■ REQUIREMENT:
Practice item. Set the material below down again exactly, with no pictures.

■ COLLECTED DATA:

▬▬▬▬▬▬

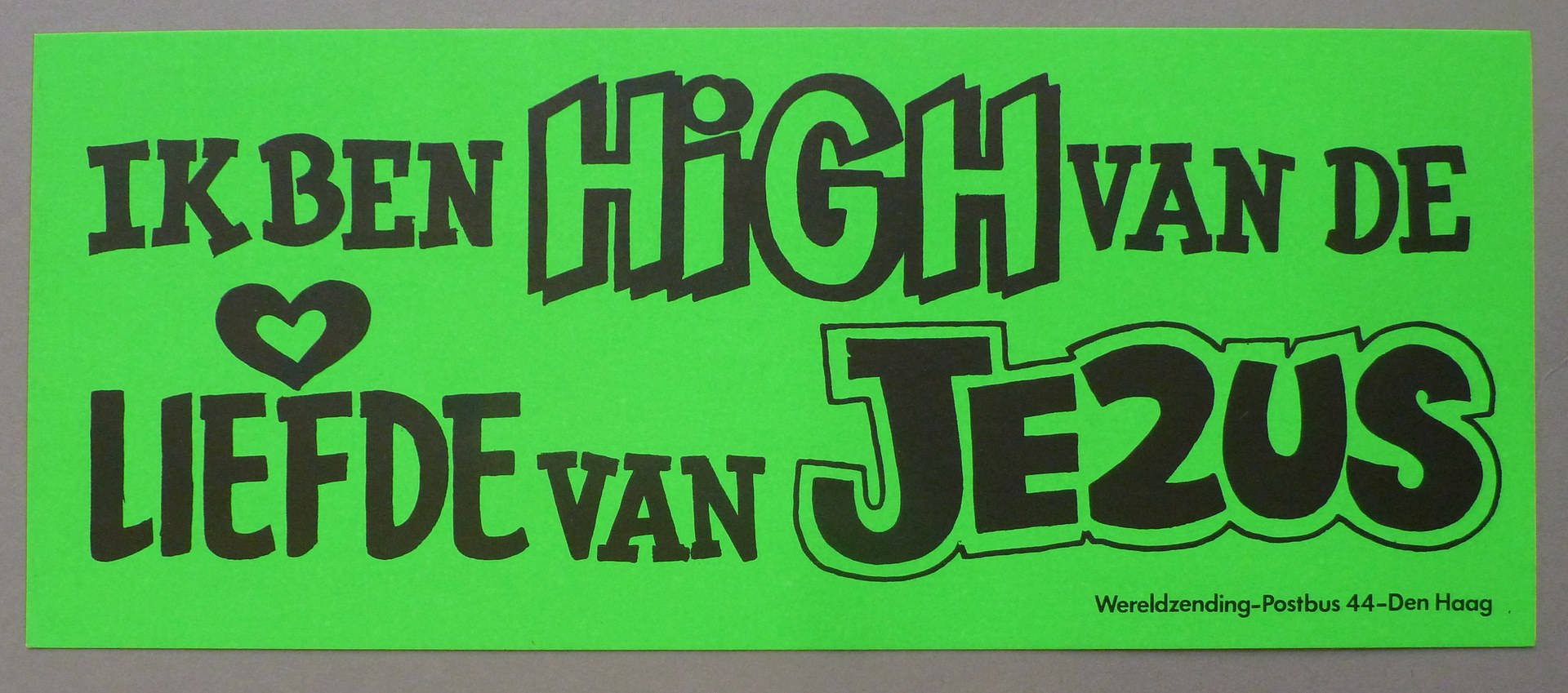 Groene sticker met "Ik ben high van de liefde van Jezus"
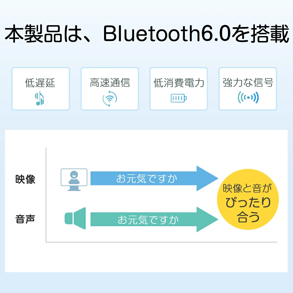 最新Bluetooth6.0を搭載して、接続範囲、安定性やデータ転送速度も大幅に向上し、従来の音飛び、途切れ、通信問題、遅延の状況などを幅広く改善されました。500mAh大容量のバッテリー付き、1回のフルー充電で最大25時間の連続使用が可能です。
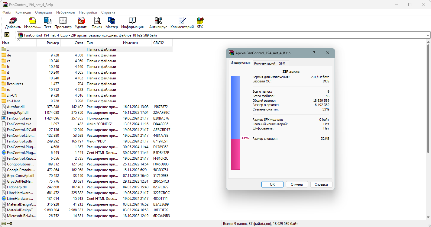 Ниже представлена техническая информация о версии FanControl V194:
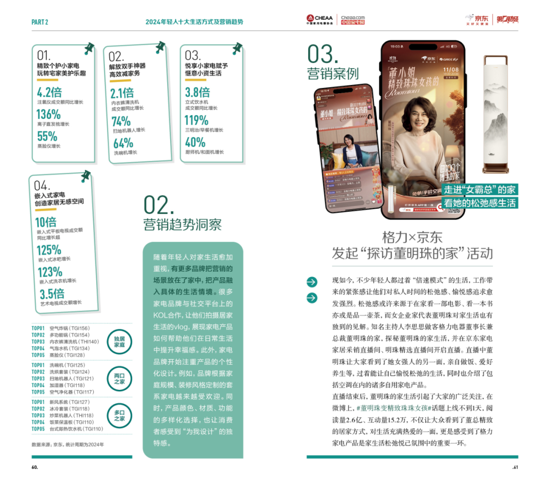 再如,京东联合格力探访了格力电器董事长兼总裁董明珠的家,首次展示了其女强人形象以外的另一面,精致的家居布局、充满生活味道的烹饪和养生分享,充分表达了其对生活的热爱。此次营销活动,不仅让大众看到了董总精致的居家方式,更是感受到了格力家电产品是家生活松弛悦己氛围中的重要一环。

▬▬▬▬▬▬

■ TASK RESPONSE:
 Groene sticker met "Ik ben high van de liefde van Jezus"
 最新Bluetooth6.0を搭載して、接続範囲、安定性やデータ転送速度も大幅に向上し、従来の音飛び、途切れ、通信問題、遅延の状況などを幅広く改善されました。500mAh大容量のバッテリー付き、1回のフルー充電で最大25時間の連続使用が可能です。
 Ниже представлена техническая информация о версии FanControl V194:
 再如,京东联合格力探访了格力电器董事长兼总裁董明珠的家,首次展示了其女强人形象以外的另一面,精致的家居布局、充满生活味道的烹饪和养生分享,充分表达了其对生活的热爱。此次营销活动,不仅让大众看到了董总精致的居家方式,更是感受到了格力家电产品是家生活松弛悦己氛围中的重要一环。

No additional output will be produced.